Robeson County woman, cats get new homes
Posted September 3, 2009 4:18 p.m. EDT
Updated September 4, 2009 6:02 a.m. EDT
Saint Pauls, N.C. — Three years after her home was condemned by the city, Lessie Smith and nearly all of her cats have found new places to live.
Smith’s previous home in St. Pauls had flies and roaches, a leaky ceiling and a bedroom with no ceiling. She also cared for 61 cats, after one stray cat kept visiting and having kittens.
“I didn’t want animal control taking them down there and putting them to sleep. I wanted them to have a good life,” Smith said.
Felicia Locklear, a code enforcement officer for the five-county Lumber River Council of Governments, received a complaint about the home in 2006. “The floorboards were rotting out. They were all uneven,” she said.
Locklear had to condemn the home but applied for a grant through the state Department of Commerce’s Division of Community Assistance.
The grant was enough for Smith to purchase a $40,000 modular home, with three bedrooms and two bathrooms.

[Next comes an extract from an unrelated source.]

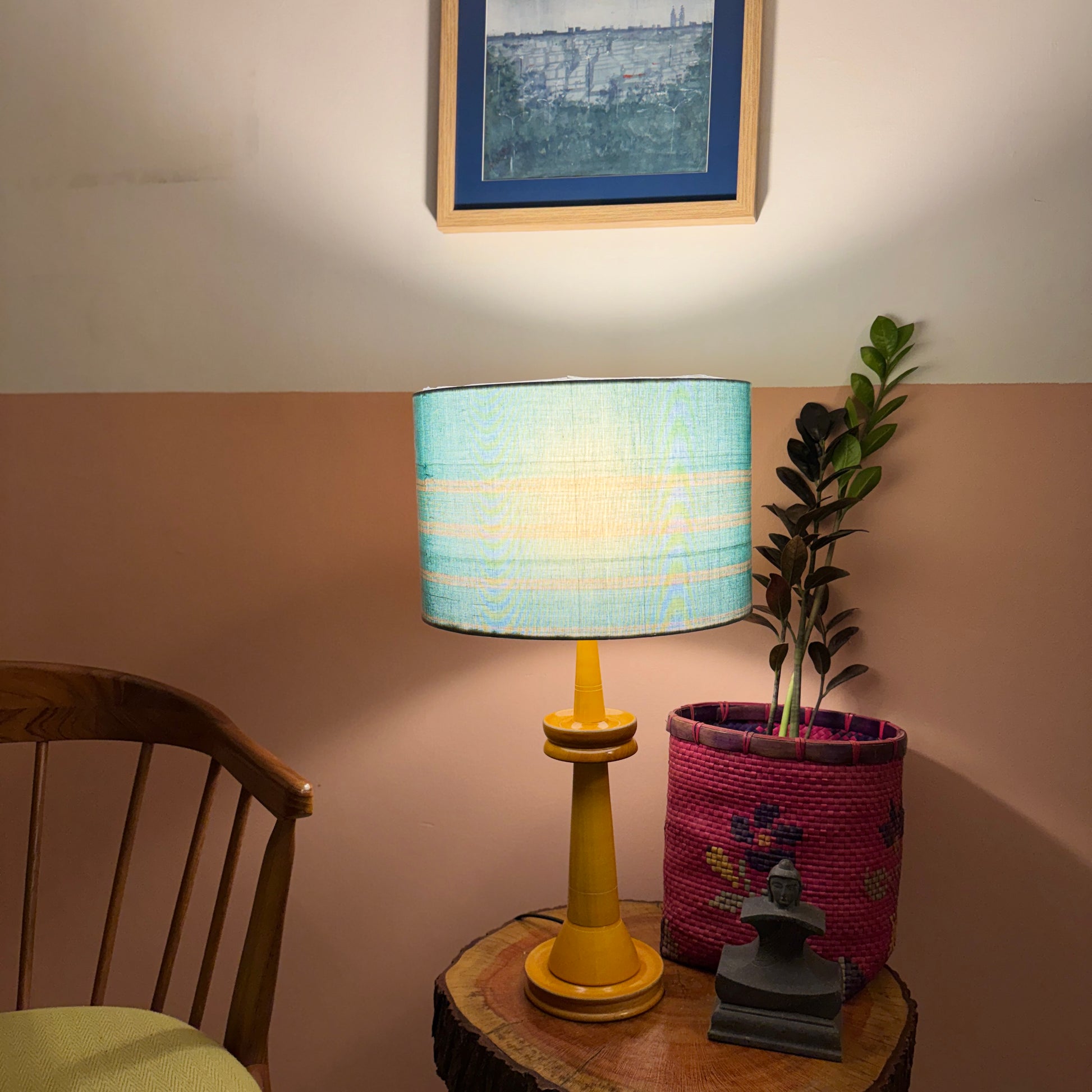 The cylindrical shade is made of premium handloom fabric from Chettinad, Tamil Nadu. The wooden base is a classic design, made of Wrightia tinctoria, a medicinal plant and handturned in Channapatna, Karnataka. This product is thus a fusion of two beautiful crafts from South India.

Smith refused to leave her original home, though, until all of her cats were taken care of.
Katherine Gable, who was with the Humane Society in 2006, helped find new homes for all the cats. Only two kittens had to be euthanized. Smith said she never knew about the Humane Society, and that’s why she cared for the cats herself.
“She had no money for herself, and everything she had was going toward the cats,” Gable said.
A local pastor helped Smith fix up the house so Smith could stay there until she could move into her new home.
On Aug. 20, Smith moved into the modular home. Four days later, her old house – the one she was born in in July 1941 – was demolished.
“It was home because I was born and raised there. But it’s better to get out of. I was glad to see it go down,” Smith said.
Smith called her new home a gift from God. She lives there with her two parakeets and doesn’t plan to get any more cats – although cat statues decorate the new home.
“I love them, but they’re in a good home. I never wanted this to happen," Smith said.
A fund has been set up to help Smith pay the $2,900 it cost to demolish her old home. The Lessie W. Smith Home Demolition Fund is through the First Bank of St. Pauls located on Broad Street.